Code Review & Refactoring

Build a harness for comprehensive code review. I want parallel agents checking architecture, security vulnerabilities, performance bottlenecks, and code style — then merging all findings into a single report.

Technical Documentation

Build a harness that generates API documentation from this codebase. Agents should analyze endpoints, write descriptions, generate usage examples, and review for completeness.

Data Pipeline Design

Build a harness for designing data pipelines. I need agents for schema design, ETL logic, data validation rules, and monitoring setup that delegate sub-tasks hierarchically.

Marketing Campaign

Build a harness for marketing campaign creation. The team should research the target market, write ad copy, design visual concepts, and set up A/B test plans with iterative quality review.

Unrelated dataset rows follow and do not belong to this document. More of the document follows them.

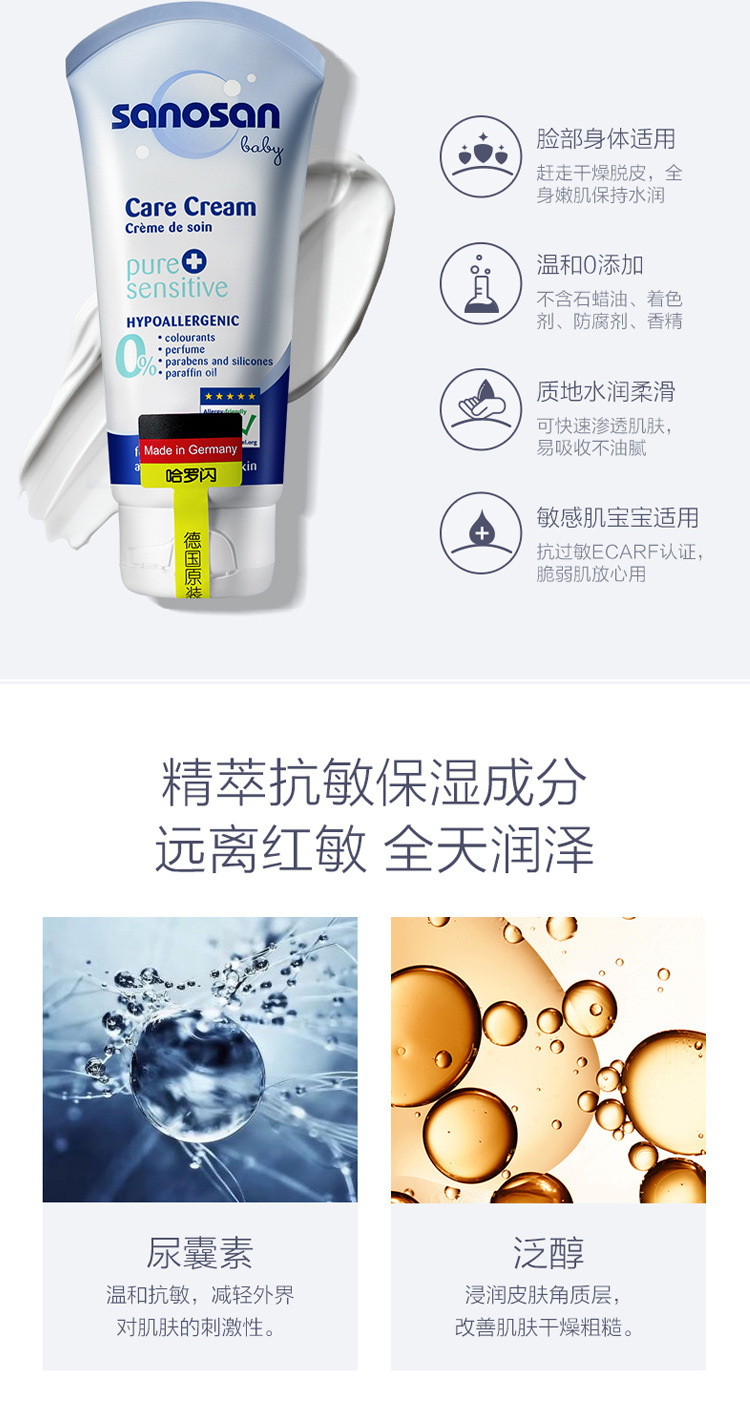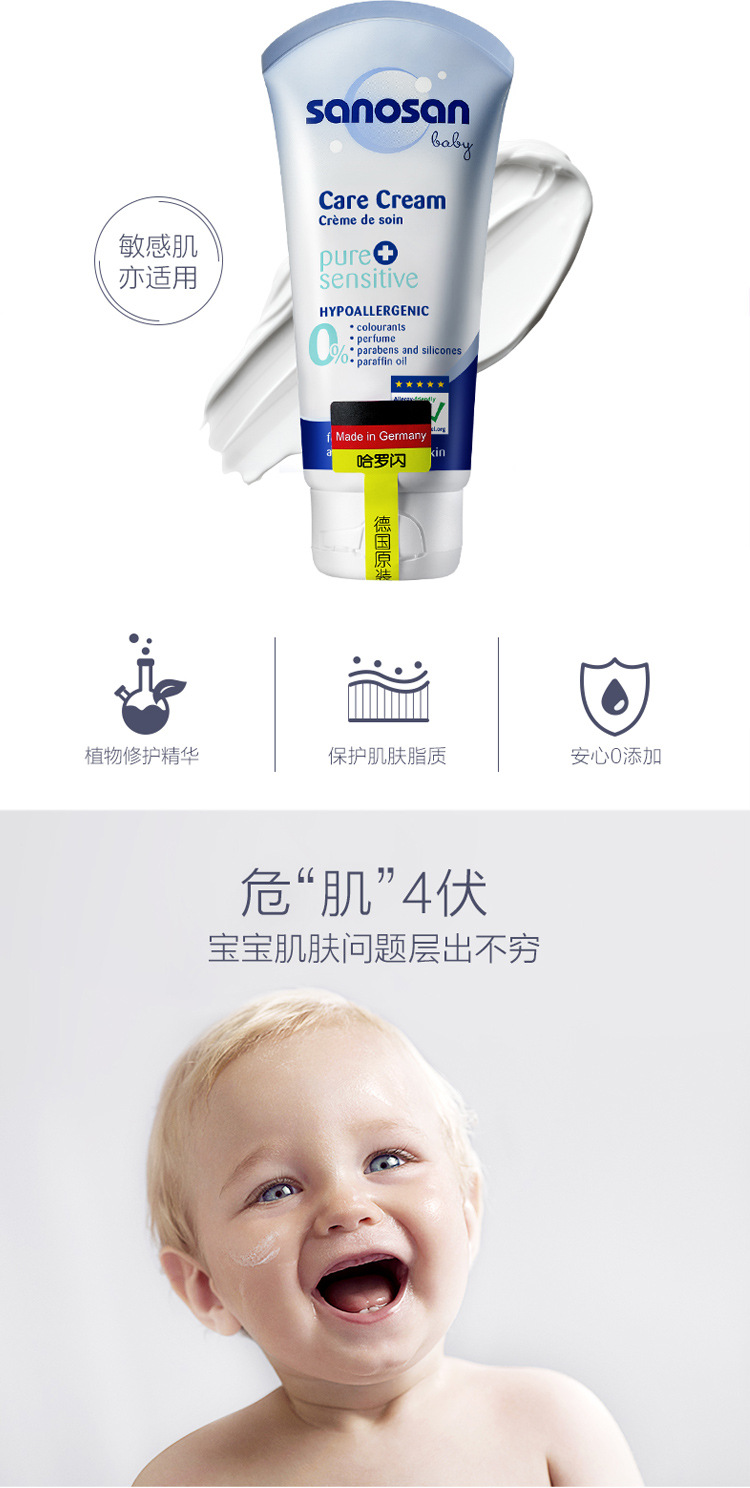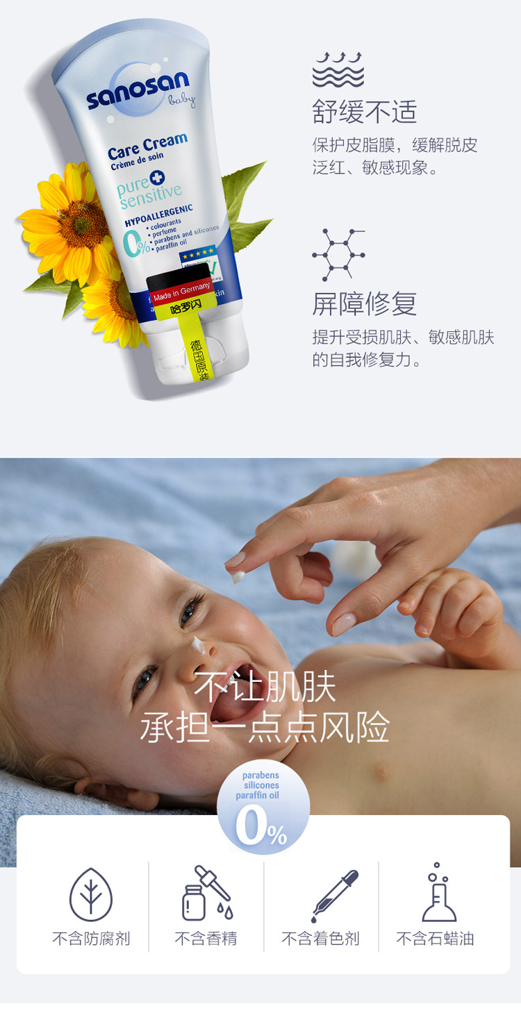【专柜版】德国进口哈罗闪sanosan婴儿温和护肤霜润肤霜儿童面霜保湿滋润75ml
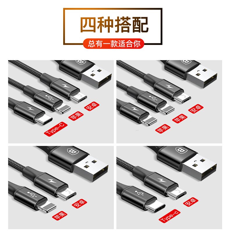 One-to-two data cable three-in-one charging cable type-c car cable suitable for Huawei p20 Apple Android mobile phone fast charging three-head car iphone8x car USB car charging cable universal
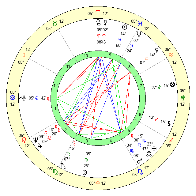| Moon | 25 Virgo 3 | 2 Gemini 39 | 27 Cancer 31 |
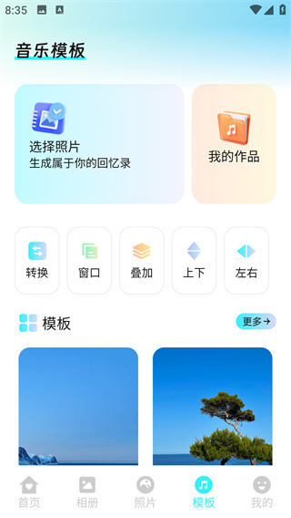 4、在模板页面里,你能够挑选照片来生成专属于自己的回忆录,这里有各式各样的类别可供选择,同时还配备了精彩的音乐模板。
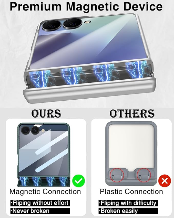 - [Advanced Hinge Protection]: Our Z Flip 7 case features an innovative hinge protection design specifically for the Galaxy Flip 7, providing complete protection from all angles. Our Z Flip 7 case is designed with a unique magnetic connection that won't be broken by impacts such as drops. Besides, our z Flip 7 case with unique design flips more smoothly without spring resistance.

Coexistence — Harness and Neighbors

Harness is not alone in the Claude Code / agent-framework ecosystem. The following repos live in adjacent layers; each is described in a parallel “X is …, Harness is …” form so you can pick the one that fits your need or combine several.

Repo	Their position	Relationship to Harness
coleam00/Archon (https://github.com/coleam00/Archon)	“harness builder” — deterministic, repeatable runtime configurations	Same L3, neighbor sub-layer. Archon is a Runtime-Configuration Factory, Harness is a Team-Architecture Factory. Pick Archon for runtime determinism, Harness for team architecture, or combine them.
SaehwanPark/meta-harness (https://github.com/SaehwanPark/meta-harness)	Codex port of the same concept	Same L3, different runtime. Use Harness on Claude Code, meta-harness on Codex.
affaan-m/ECC (https://github.com/affaan-m/everything-claude-code)	“Agent harness performance & workflow layer” (sits on top of existing harnesses)	Different layer. ECC is a standardization layer across harnesses; Harness is a factory that generates harnesses. Serial combination possible.
wshobson/agents (https://github.com/wshobson/agents)	Subagent / skill catalog (182 agents, 149 skills)	Factory ↔ parts supply. wshobson is a catalog to shop from; Harness designs the team. Absorb wshobson entries as parts inside a Harness-generated team.
LangGraph (https://langchain-ai.github.io/langgraph/)	State-graph orchestration, LLM-agnostic	Different track. LangGraph is for long-running, state-recoverable orchestration; Harness is for fast Claude-Code-native team design.

Built with Harness

Harness 100

revfactory/harness-100 (https://github.com/revfactory/harness-100) — 100 production-ready agent team harnesses across 10 domains, available in both English and Korean (200 packages total). Each harness ships with 4-5 specialist agents, an orchestrator skill, and domain-specific skills — all generated by this plugin. 1,808 markdown files covering content creation, software development, data/AI, business strategy, education, legal, health, and more.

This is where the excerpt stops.